Another approach to drug screening for nuclear envelopathies is to search for compounds that reverse the abnormal subcellular localization nuclear membrane proteins that occurs in several of these disorders. As noted above, the pathogenic form of torsinA that causes DYT1 dystonia abnormally concentrates within the perinuclear space. This has led to the development of a contextual automated three-dimensional imaging assay that can be modified to automatically assess the subcellular localization of pathogenic and related mutant forms of torsinA and torsinA-related molecules [115]. This assay is based on the hypothesis that among compounds identified to normalize the localization of the torsinA DYT1 variant, some will be activators of the ATPase enzymatic activity of the protein. Conceptual support for this notion is based on the facts that 1) the DYT1 dystonia-causing mutation both impairs torsinA ATPase activity and causes abnormal nuclear membrane concentration [95, 116], 2) a similar abnormality of nuclear membrane concentration is seen with an experimental mutation that impairs the ability of torsinA to hydrolyze ATP [95] and 3) torsinA hypofunction has been linked to dystonic-like movements in mouse models [117].
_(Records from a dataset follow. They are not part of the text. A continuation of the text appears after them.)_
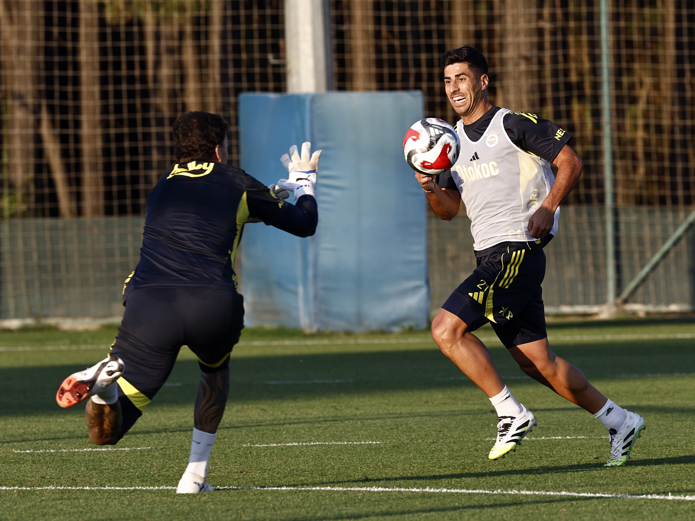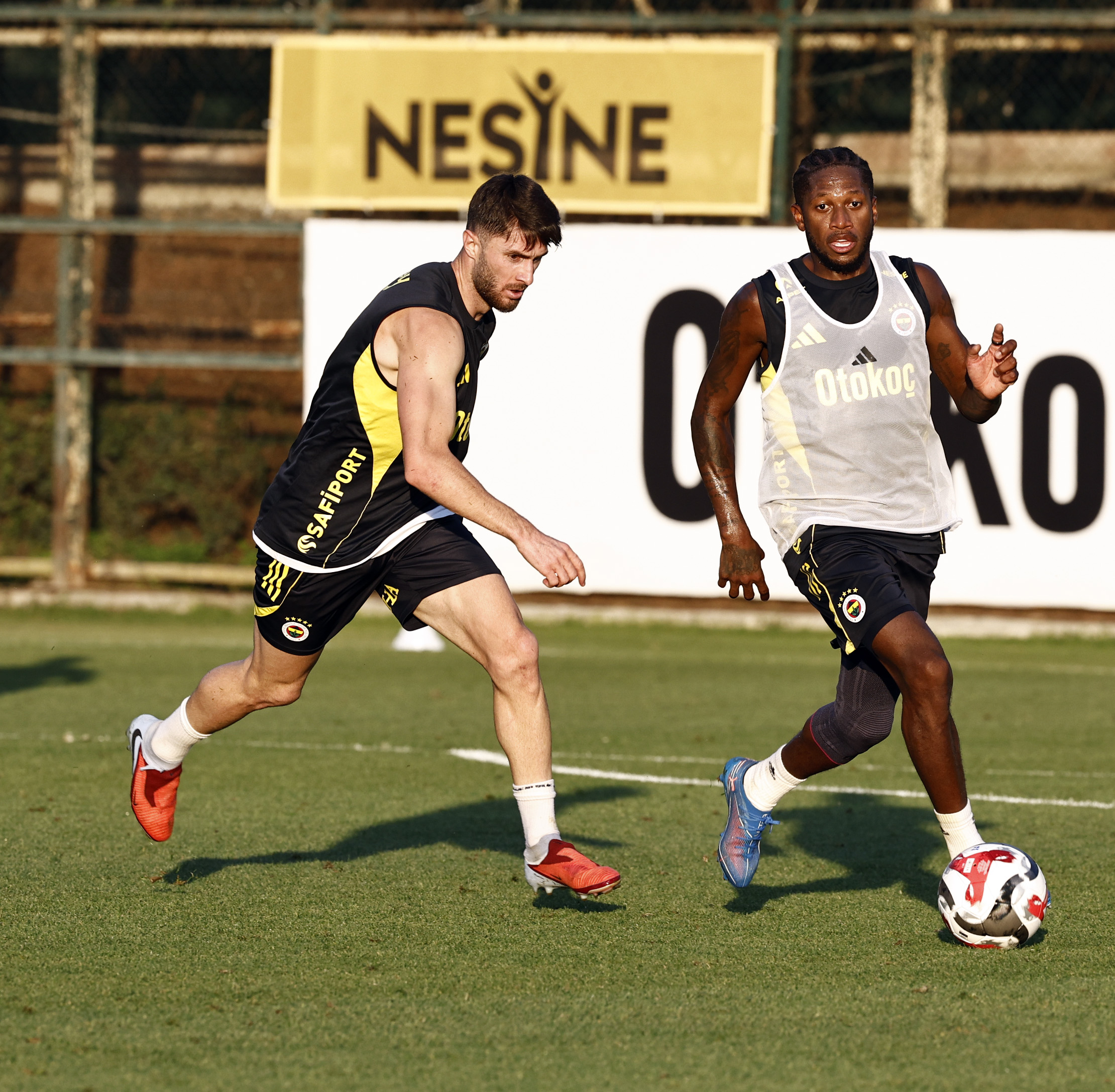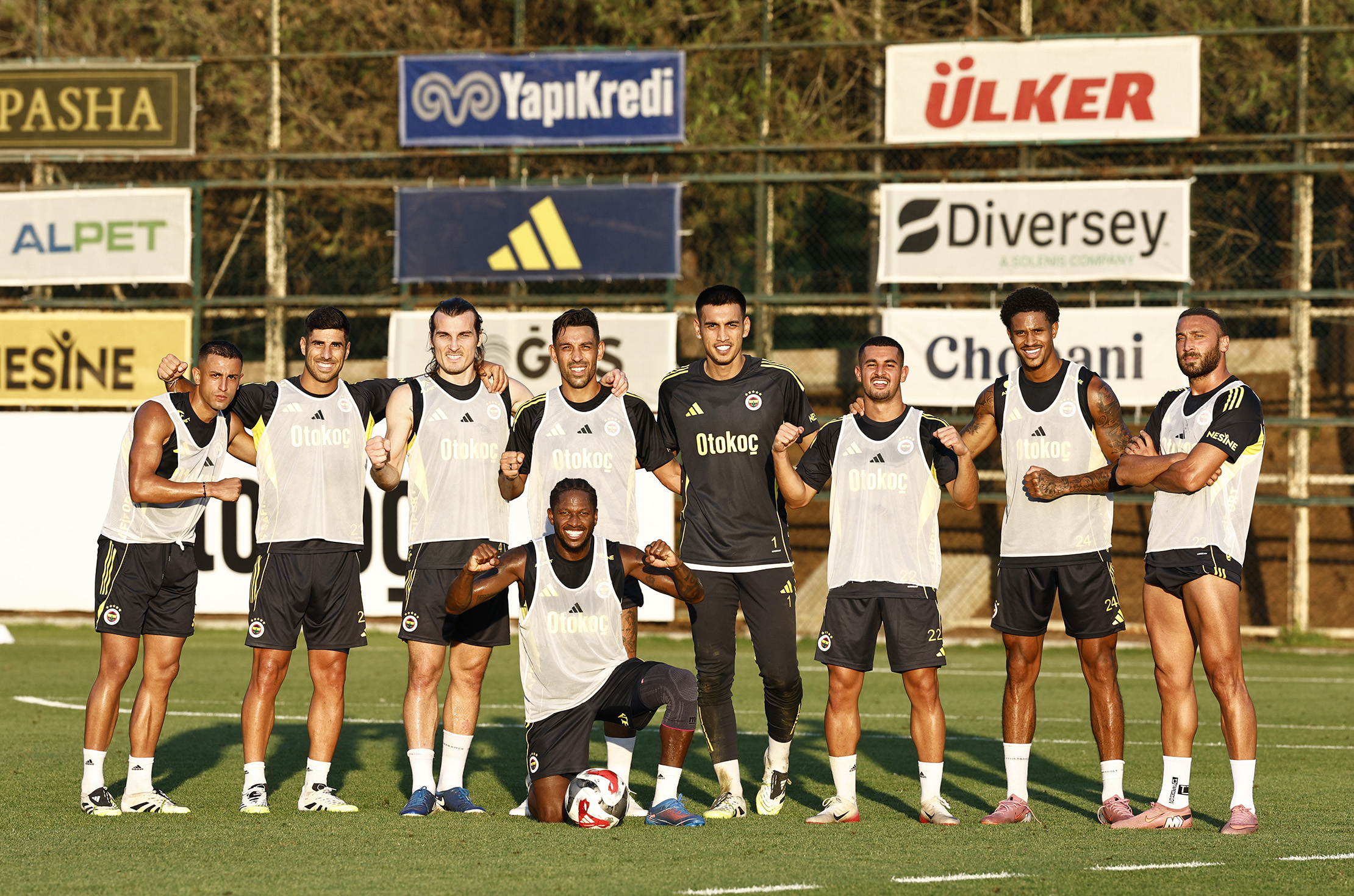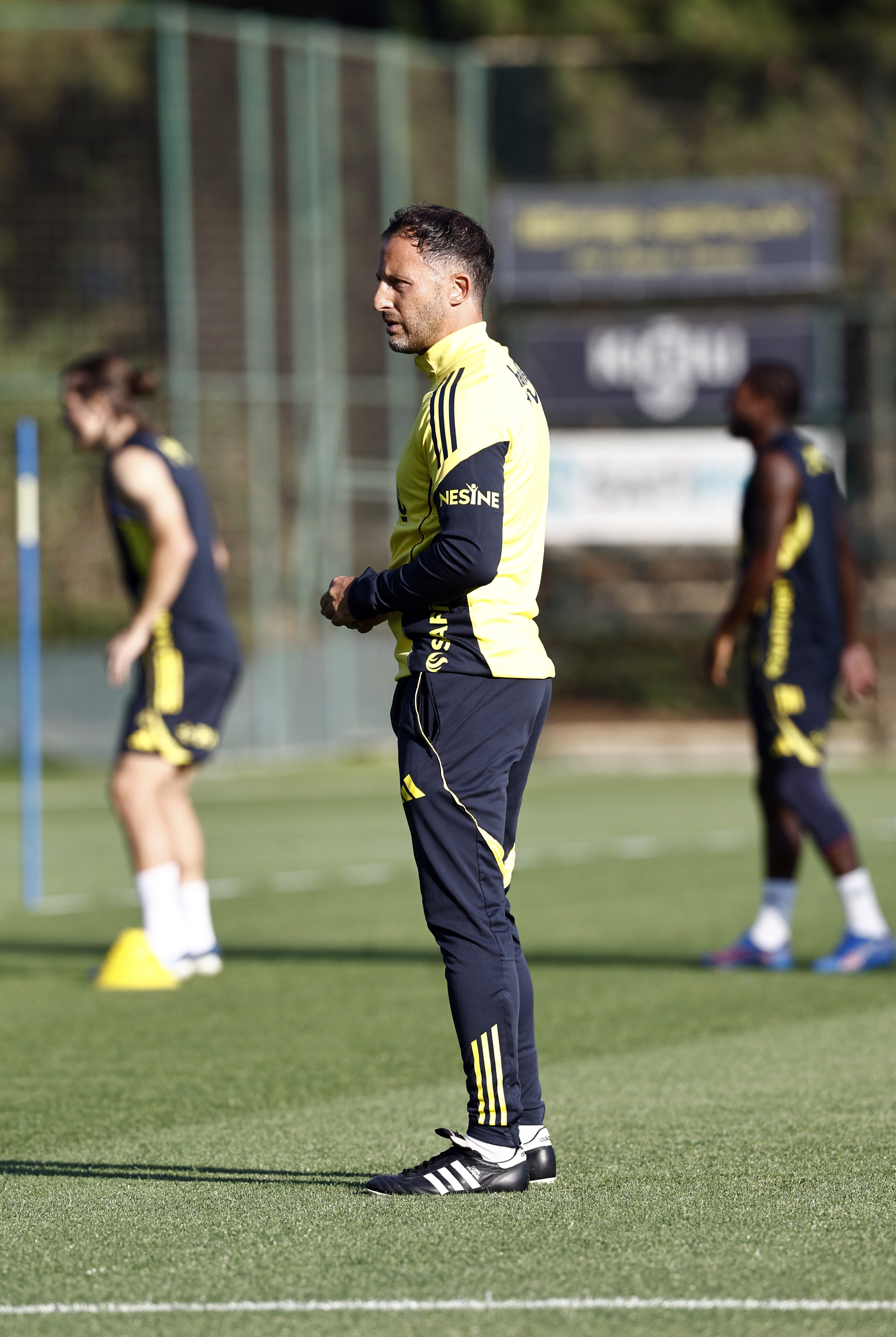 Yeni Teknik Direktörümüz Domenico Tedesco yönetiminde Fenerbahçe Can Bartu Tesisleri’nde gerçekleştirilen idmanın ilk 15 dakikası basına açık olarak gerçekleştirildi. Salonda kuvvet ve dayanıklılık hareketleriyle başlayan idman koşu, ısınma, koordinasyon çalışmalarıyla devam etti. Ardından pas çalışması ve dar alanda çift kale maçlar yapan ekibimiz, antrenmanı taktiksel ve bireysel çalışmalarla tamamladı.
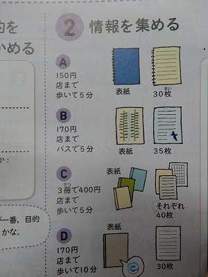 家庭科で異なる4種類のノートを買うという設定で学習を進めました。「物の品質や価格などの情報を集め、整理すること」の大切さを意識することで、何が自分に必要な物なのか考えることができました。
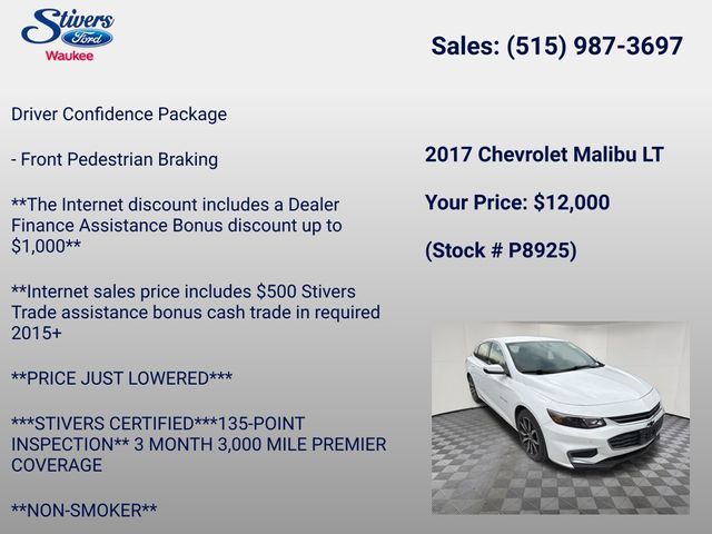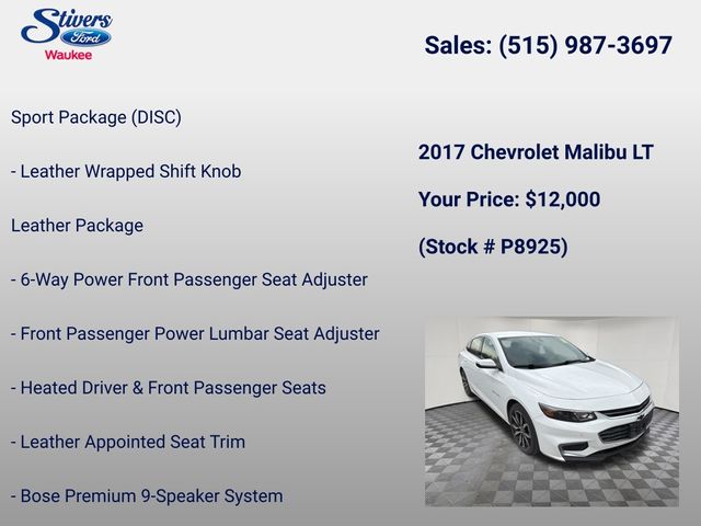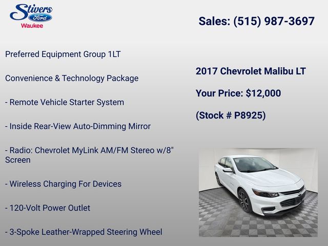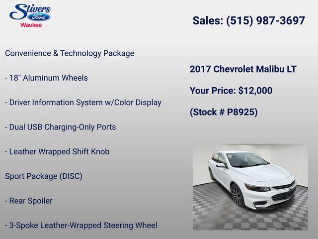 Don't miss out on the opportunity to own this exceptional 2017 Chevrolet Malibu LT 1LT. Visit our showroom today and experience the quality, performance, and value that this Malibu has to offer.
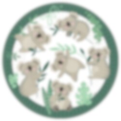 8 papieren bordjes in groen en wit met schattige afbeeldingen van koala's. Perfect om toe te voegen aan de tafelaankleding voor je dieren-geïnspireerde kinderfeestje. De bordjes hebben een diameter van ongeveer 23 cm.

There are also efforts to treat nuclear envelopathies affecting the neuromuscular system with cell and gene therapy. The current state of the art in using gene therapeutic approaches for the treatment of neurological disease is discussed in detail by Breakefield and colleagues in a separate review in this issue [118]. Gene therapy may be potentially applied to X-linked EDMD, in which emerin is not expressed in most cases. Another potential application of gene therapy is the expression of downstream proteins to correct abnormalities that result from the genetic mutation or modulating proteins that are linked to the unique susceptibility of the tissue in question. For example, levels of LAP1 have been linked to the unique susceptibility of muscle tissue in X-linked EDMD [55], indicating that overexpression of LAP could slow or halt EDMD-related myopathy. However, many of these disorders, such as autosomal dominant EDMD, result from expression of a dominantly acting protein variant. Hence, genetic interventions may need to be devised that not only replace lost activity but also that block the expression of pathogenic proteins. An analogous “natural” example may be the sparing of the brain in Hutchinson-Gilford progeria syndrome because the toxic truncated prelamin A variant is not expressed there [119].